Sludge in your aquariumUseful or not?
Many inexperienced aquarists simply regard sludge as dirt and thus as a "harmful substance". That's not quite true though! Here we explain everything important to you about sludge.
What is sludge?
In an aquarium, sludge is a brown, rather flaky-airy stuff, collecting on the substrate after time. However, it can also be found inside the filter, but there it is referred to as filter sludge. Sludge basically consists of degrading biomass. This can be dead plant parts, but also leftovers and excrements of fish and invertebrates. This variety of organic material is processed and degraded by many microorganisms. From tiny snails, worms and unicellulars to mushrooms and bacteria, there is a lot of life in the muck! These different creatures are extremely important to the aquarium's ecosystem, as they shred organic waste and contribute to the degradation of pollutants. These organisms include, among others, the nitrifying bacteria, which are involved in the nitrogen cycle, in the course of which they oxidize ammonium to nitrite and nitrite to nitrate. For this very reason, "second-hand sludge” from an aquarium with an already longer service life - ie from an ecologically established aquarium - is gladly used to "inoculate" a new setup with microorganisms.
Sludge and aquatic plants
There are various connections between sludge and aquatic plants. The roots anchored in the substrate supply oxygen to the microorganisms living in the sludge which they need to break down their food. On the other hand, the humic complexes found in the sludge act as chelators: they bind minerals. If the sludge is decomposed further, the minerals become free again and will be available to the plants. Casually speaking, sludge serves as a buffer for nutrients.
Extract sludge...or not?
In fact, there are quite a few arguments that the sludge is important for the ecosystem in the aquarium and therefore should not be removed. In a well-balanced system (after the cycling phase) there is usually always the same amount of sludge present in the tank. If so, it does not need to be extracted regularly. On the contrary, this would disturb the aquarium’s microbiology and equate to a reboot of the ecosystem. If you want to extract mulch from the aquarium anyway, only a part of it should be removed for the reasons mentioned above.

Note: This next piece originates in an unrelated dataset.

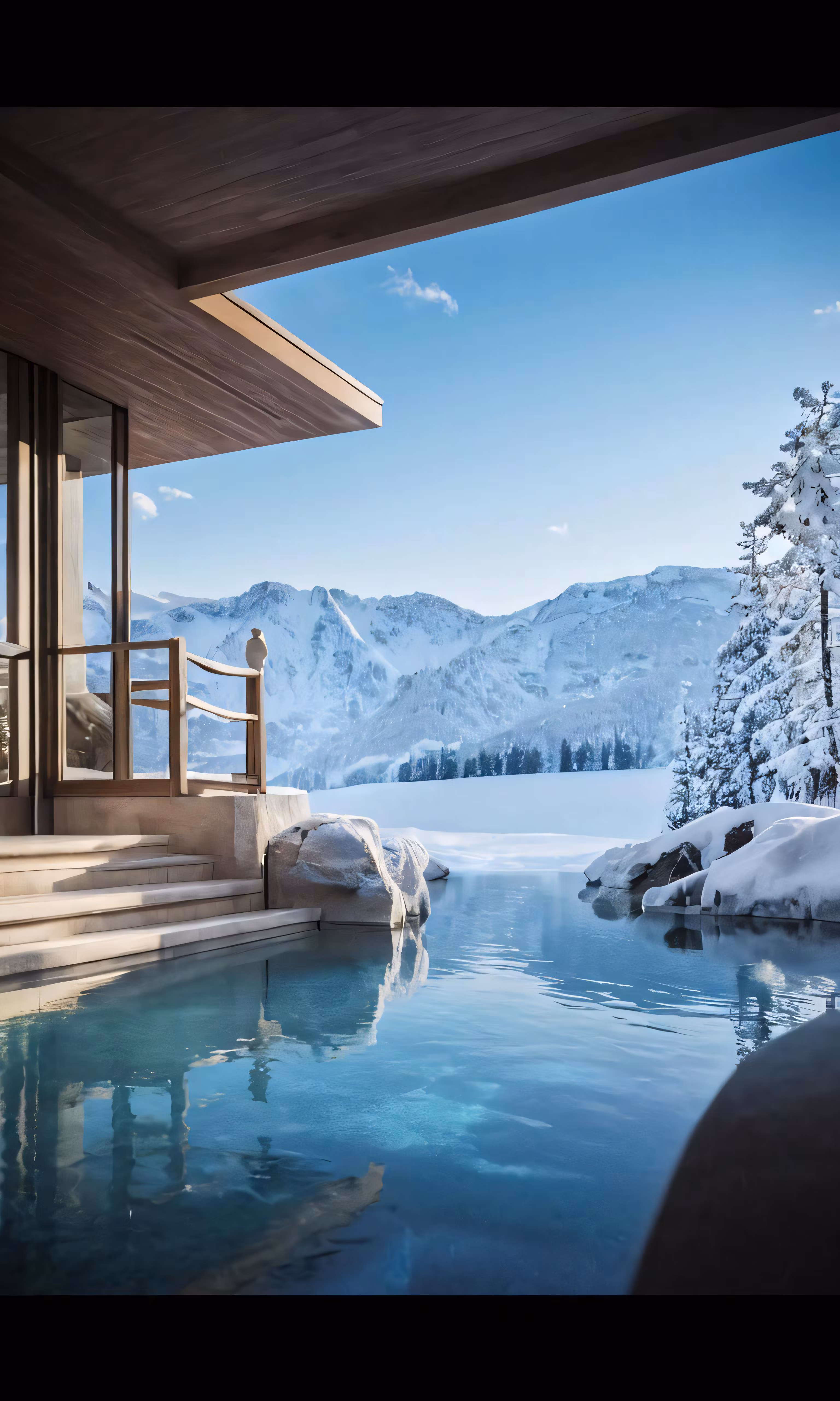 High resolution picture, free to use, snow covered mountains sit across the river from a modern villa

When understanding sludge as a living part of the ecosystem, it is consequently important that the right living conditions are met. Above all, the bacteria in the sludge need oxygen for their metabolic processes. Therefore, as an aquarium owner, you should make sure that an adequate oxygen supply is guaranteed. This includes a sufficient stream and the presence of aquatic plants. Compacting the substrate should be prevented. Otherwise, dead zones may build in the soil, and there is a risk of digester gases forming. This is an indication of an eutrophication of the microbiology in the aquarium. Following this, the aerobic bacteria, which need oxygen, die in large quantities, and other bacteria will multiply, which produce sulfur gases due to their anaerobic lifestyle. This can get very dangerous for the aquarium’s inhabitants. In that case you need to remove all rot and the connected organic mass as soon and thorough as possible as well as the cause of the lack of oxygen.
If too much sludge seeps into the soil, densification can be the result.

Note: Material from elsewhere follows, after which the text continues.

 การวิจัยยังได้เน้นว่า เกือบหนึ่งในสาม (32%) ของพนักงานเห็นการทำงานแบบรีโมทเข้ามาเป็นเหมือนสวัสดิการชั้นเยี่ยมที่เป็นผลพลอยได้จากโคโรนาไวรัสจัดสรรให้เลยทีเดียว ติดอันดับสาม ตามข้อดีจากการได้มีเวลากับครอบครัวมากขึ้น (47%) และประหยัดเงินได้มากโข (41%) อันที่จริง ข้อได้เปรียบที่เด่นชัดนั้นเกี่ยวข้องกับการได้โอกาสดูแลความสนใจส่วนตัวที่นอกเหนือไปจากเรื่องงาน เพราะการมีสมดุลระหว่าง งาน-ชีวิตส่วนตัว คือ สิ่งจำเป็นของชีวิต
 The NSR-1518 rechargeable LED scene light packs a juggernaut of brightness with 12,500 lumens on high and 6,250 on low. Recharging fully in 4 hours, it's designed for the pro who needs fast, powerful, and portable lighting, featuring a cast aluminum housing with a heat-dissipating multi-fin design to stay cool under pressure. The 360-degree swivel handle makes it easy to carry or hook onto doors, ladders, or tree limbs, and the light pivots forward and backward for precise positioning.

Especially in systems with excessive stocking and according feeding, significantly more sludge can form over time, often accompanied by increasing levels of nitrate and phosphate in the water. If the water pollution is too high, it can no longer be adequately processed by the existing ecosystem. An imbalance will occur. The ever-growing mass of sludge can further compress the substrate more and more which will lead to the abovementioned dead zones in the tank and the formation of digester gases. By now, the aquarist should step in and support the ecosystem. Regular water changes help reduce the water pollution, and a resolute reduction of the sludge cover prevents the formation of rot spots in the ground. Furthermore, you should do research on causes, possibly change or reduce the feeding and improve the filter performance in the aquarium.
There are several ways to remove sludge from the aquarium. First of all the sludge can be easily extracted with a hose. Practically, sludge usually accumulates in very specific places in the aquarium, namely, in low-flow zones. Most are located in the corners of the tank; The particles can settle there well. If neither filtering nor flow are changed, the position of the sludgecorners won’t change either.
In case ground-burrowing inhabitants have worked the sludge too deeply into the substrate, syphon cleaners help cleaning the substrate. Through the bell-shaped syphon only light particles are sucked in, while heavier grains sink back to the ground. In this way, the least possible amount of sand, gravel or soil is removed during the cleaning process.
Another possibility would be the use of sludge reducing agents such as gravel and substrate cleaners. Most of these agents are bacterial preparations, which help break down already accrued organic material. Additionally the water quality will be improved and the water will clear up.